The generated class corresponding to this function will look like [9]
package ghcvm.mypackage.mycompany;

public class MyModule {
    public static StgClosure myfunction = new MyModule.Myfunction();
    
    public static class Myfunction extends StgClosure {
        ..generated closure-specific layout here...

        @Override
        public void enter(StgContext context) {
            ..generated entry code here..
        }
    }
    
    public static abstract class Type0 extends StgObject {
        public void abstract enter(StgContext context);
    }
    
    public static final class Type1 extends Type0 {
        ..fields of the constructor here..
        
        @Override
        public void enter(StgContext context) {
            ..generated entry code here..
        }
        
        @Override 
        public byte getTag() {
            return 0;
        }
    }

    public static final class Type2 extends Type0 {
        ..fields of the constructor here..
        
        @Override
        public void enter(StgContext context) {
            ..generated entry code here..
        }

        @Override 
        public byte getTag() {
            return 1;
        }
    }
}
Lambda-lifted closures with nonsense names will be declared as private, while dictionaries that are generated for typeclass implementations should stay public so that they can be accessed from the outside.
It is not necessary that a new inner class be defined for every function, due to some of the many special cases in the code generator. This example was just to get the feel of how the code will look when looking at a stacktrace.
Implementing the Java FFI

See here.
Implementing base

This part is relatively easy compared to the others, because if all the primitive types and primitive operations are implemented with the same semantics as GHC, there will be little to no changes in the parts of base that don't depend on the C FFI. Implementation of the IO part of base will be the primary challenge.
Conclusion

Thanks for reading!
Footnotes

[1] Especially one's server code has to handle millions of requests/day and a software failure greatly lowers the value of the business overall.
[2] Which are of course proofs in a pure functional language due the Curry-Howard Isomorphism.
[3] This was especially apparent when reading GHC's source.

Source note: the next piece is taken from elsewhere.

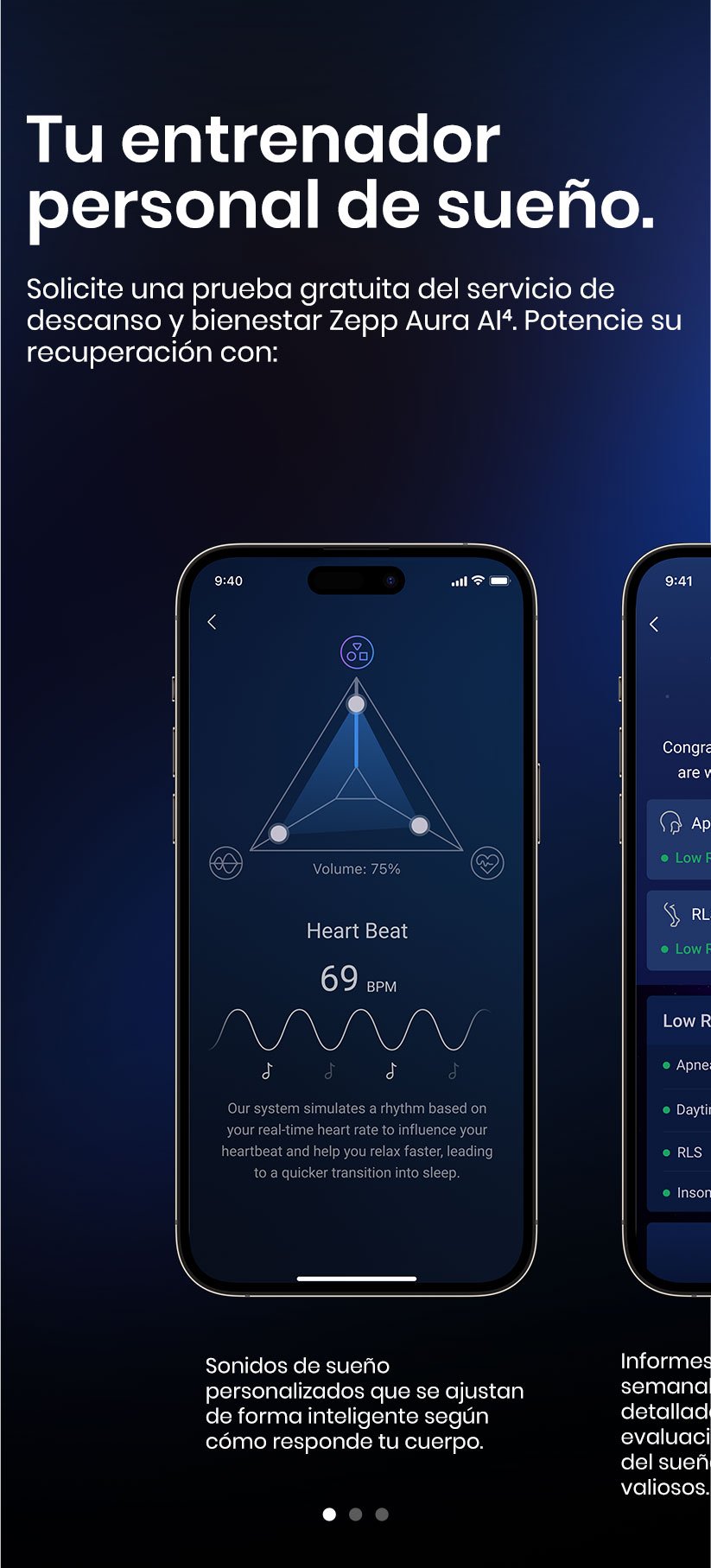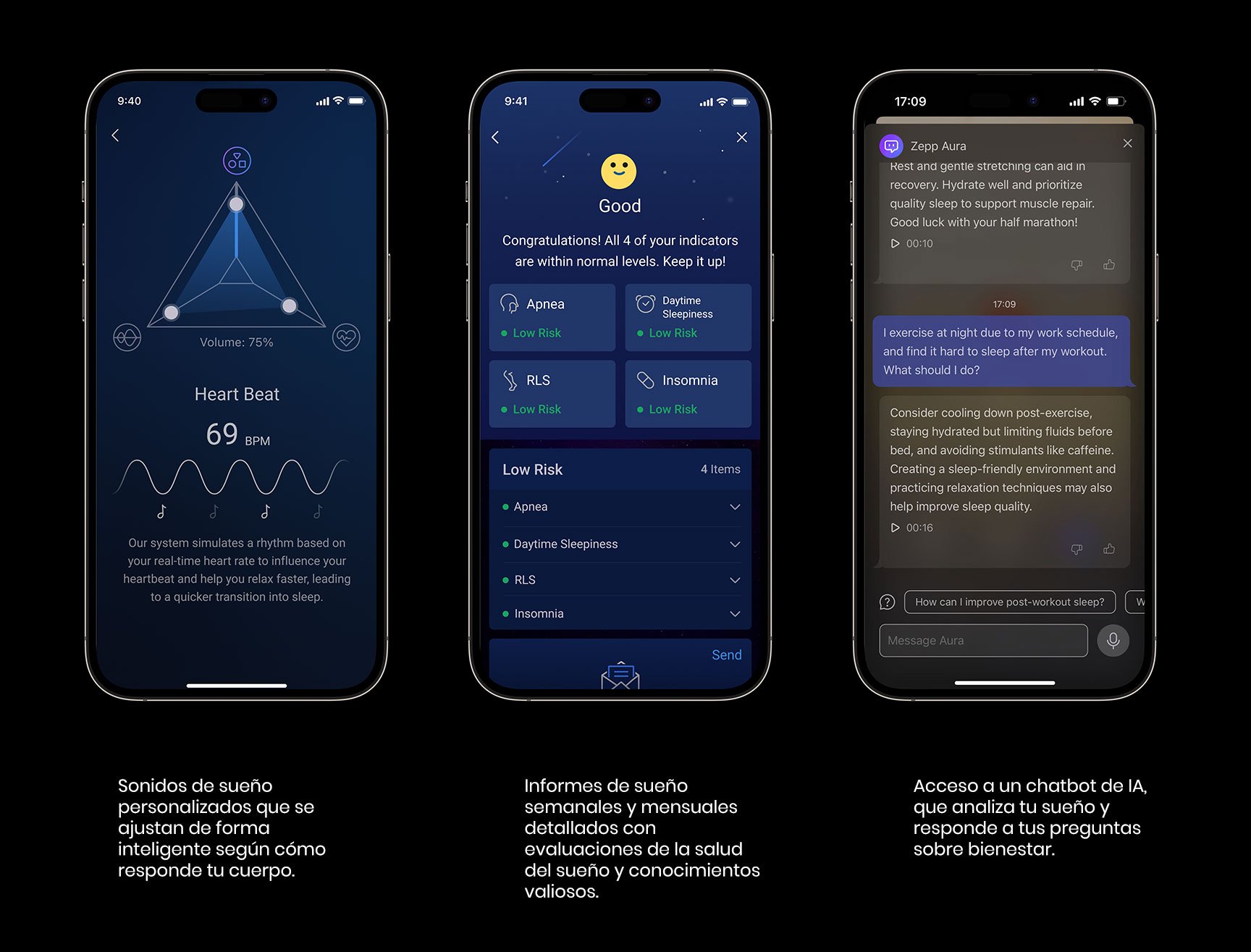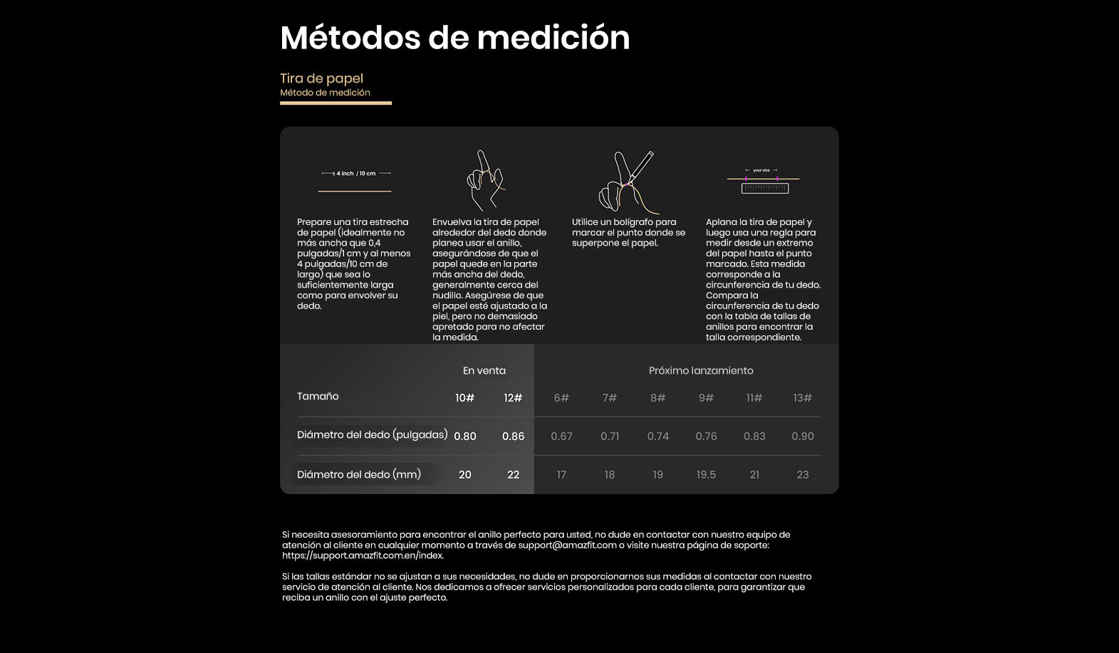 Características Destacadas Monitoreo Avanzado de Salud y Rendimiento Registra frecuencia cardíaca en reposo, HRV, carga de entrenamiento y calidad del sueño. Evalúa fatiga muscular y recuperación fisiológica. Ofrece información detallada sobre respiración y temperatura corporal. Recuperación Inteligente con Datos de Alta Precisión Fusiona información con relojes Amazfit compatibles para un análisis aún más completo. Presenta un puntaje de preparación diario basado en múltiples métricas biométricas. Sugiere tiempos de descanso y entrenamiento óptimos según tu nivel de recuperación. Diseño de Alta Gama y Máximo Confort Titanio de grado aeroespacial: Material hipoalergénico, resistente y liviano. Menos de 4 g de peso y solo 2.6 mm de grosor para una experiencia de uso imperceptible. Resistente al agua 10 ATM, ideal para natación y deportes acuáticos. Análisis Avanzado del Sueño con IA Detección de fases de sueño: Ligero, profundo y REM. Monitoreo de siestas diurnas y calidad de la respiración nocturna. Compatibilidad con Zepp Aura, un asistente de sueño con IA que ofrece sonidos personalizados y análisis detallados. Carga Rápida e Integración con Apps de Fitness Carga inalámbrica rápida en menos de 1h 40 min. Hasta 4 días de autonomía en uso estándar. Compatible con Strava, Adidas Running, Komoot, Google Fit y Apple Health. Especificaciones Técnicas Material: Aleación de titanio en el exterior y resina en el interior. Dimensiones: 8 mm de ancho y 2.6 mm de grosor. Tamaño: 10 (diámetro de 20mm Sensores: Sensor óptico BioTracke PPG para frecuencia cardíaca y SpO Sensor EDA para monitoreo del estrés y respuesta emocional. Sensor de temperatura y acelerómetro de 3 ejes. Conectividad: Bluetooth BLE, sincronización con Zepp App Resistencia al agua: 10 ATM (hasta 100 metros de profundidad).

One will find many cases where optimizations/features have to be disabled because of limitations on Windows.
[4] In particular, compiler/codeGen in the GHC source tree which handles the conversion from STG to Cmm.
[5] An abstract class was chosen over an interface for efficiency since class inheritance leaves inherited methods at constant offsets in the class's vtable in the JVM. The small difference in performance matters since the enter() method is the most frequently called method in the STG machine.
[6] This step may be broken into two if I find that using an high-level abstract intermediate representation will make the code simpler when generating the final JVM bytecode. This may end up happening since a majority of the JVM instructions can be put into groups that do the same thing, just with different types. It'll probably end up looking like Cmm without the register-specific stuff.
[7] The actual definition of StgContext in the implementation will end up using about 6 registers per primitive type and and overflow stack as a Java array type.
[8] In GHC, the calls to functions (including entry points to closures) follow the Native Node calling convention in which a specialized register designated with the label R1 (called Node) stores the closure data associated with an entry point. When call to a compiled function closure's entry point is made, the function's closure object will be passed into R1 and then the closure will be entered. It is natural to observe that R1 is simply this in the context of Java, where Java objects couple functions and data together. So storing R1 is pointless, and the naming above is to highlight for people with GHC experience that R1 is there, but invisible, and to stay similar with GHC where R2 and beyond typically store the arguments to a functional call.
[9] Direct bytecode will be generated. The Java decompilation of the generated code is shown.